Assim, a facilidade de acesso aos créditos, associado ao consumismo, conduz os consumidores a postergarem a quitação de suas dívidas, de forma a acentuar, consideravelmente, seus endividamentos. Mas, é somente a partir de sua aglomeração e perpetuação que os indivíduos consumidores podem ser inseridos em uma problemática que afeta toda a sua capacidade de solvência, passando assim, a constituir o fenômeno do superendividamento, que se caracteriza pela falta de possiblidade do consumidor de boa-fé saldar suas dívidas presentes e futuras com sua capacidade financeira atual (MARQUES, 2010).

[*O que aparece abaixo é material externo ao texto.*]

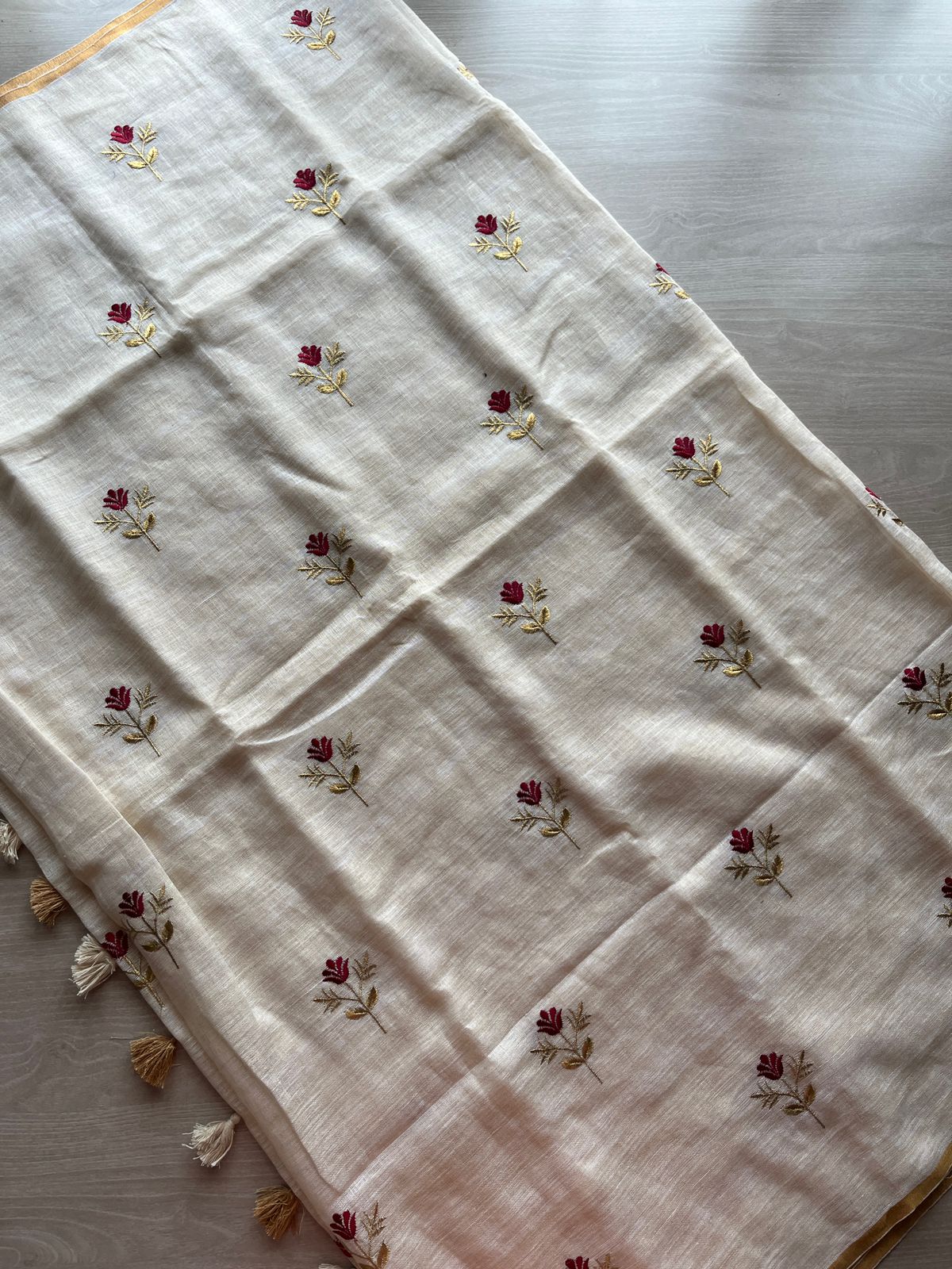 Exclusive Embroidered Linen Saree

Diante deste cenário, de uma sociedade voltada para o consumo aliada a facilidade do crédito e a uma publicidade agressiva, se pode perceber que variadas outras situações podem contribuir para que as pessoas cheguem a situação de superendividamento, algumas consideradas imprevisíveis, tais como desemprego, morte, acidente, redução de salário, doença, divórcio, crises econômicas, altos índices de inflação, e outras previsíveis, como má administração das finanças e/ou falta de educação financeira. Pelos diversos motivos citados, o nível de endividamento das famílias brasileiras aumenta a cada ano. Em fevereiro de 2019 o percentual de famílias endividadas era de 61,5%, passando para 65,1% em fevereiro de 2020; já o percentual de famílias sem condições de pagar suas dívidas em fevereiro de 2019 era de 9,2%, subindo para 9,7% em fevereiro de 2020, como mostra pesquisa realizada pela Confederação Nacional do Comercio de Bens, Serviços e Turismo.

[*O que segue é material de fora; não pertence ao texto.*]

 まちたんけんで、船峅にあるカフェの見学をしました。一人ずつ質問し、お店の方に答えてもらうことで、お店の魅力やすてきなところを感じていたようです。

Segundo dados de 2019 do Instituto Brasileiro de defesa do Consumidor – IDEC – 15% da população brasileira, ou seja, cerca de 30 milhões de brasileiros, se encontram em situação de superindividamento, portanto, sem que possuam condições financeiras de pagar as suas dívidas.
No momento atual, em que se enfrenta a situação de pandemia gerada pelo COVID -19, o quadro de superindividamento conta com fatores que pode e muito aumentar o número de pessoas atingidas, tais como o aumento do desemprego, a redução de salários, a suspensão de contratos de trabalho, a impossibilidade de realização das atividades pelos trabalhadores informais e até mesmo a impossibilidade de locomoção. Neste caso, a redução da renda, não provocada por vontade da pessoa, é geradora de endividamentos que atinge até o pagamento de contas básicas de consumo.
Ainda, se faz salutar compreender o que o superindividamento pode gerar como consequências na vida das pessoas. Essas consequências são de diversas naturezas, como ser excluído do mercado de consumo, ter baixa produtividade no trabalho, perder o emprego, e ainda devido ao sentimento de frustração diante da incapacidade de cumprir as obrigações para com os credores, o indivíduo pode desenvolver problemas de ordem psicológica que poderão afetar a sua rotina e a convivência familiar, gerando desentendimentos, mudança de comportamento, agressividade, impaciência, violência doméstica e até divórcio.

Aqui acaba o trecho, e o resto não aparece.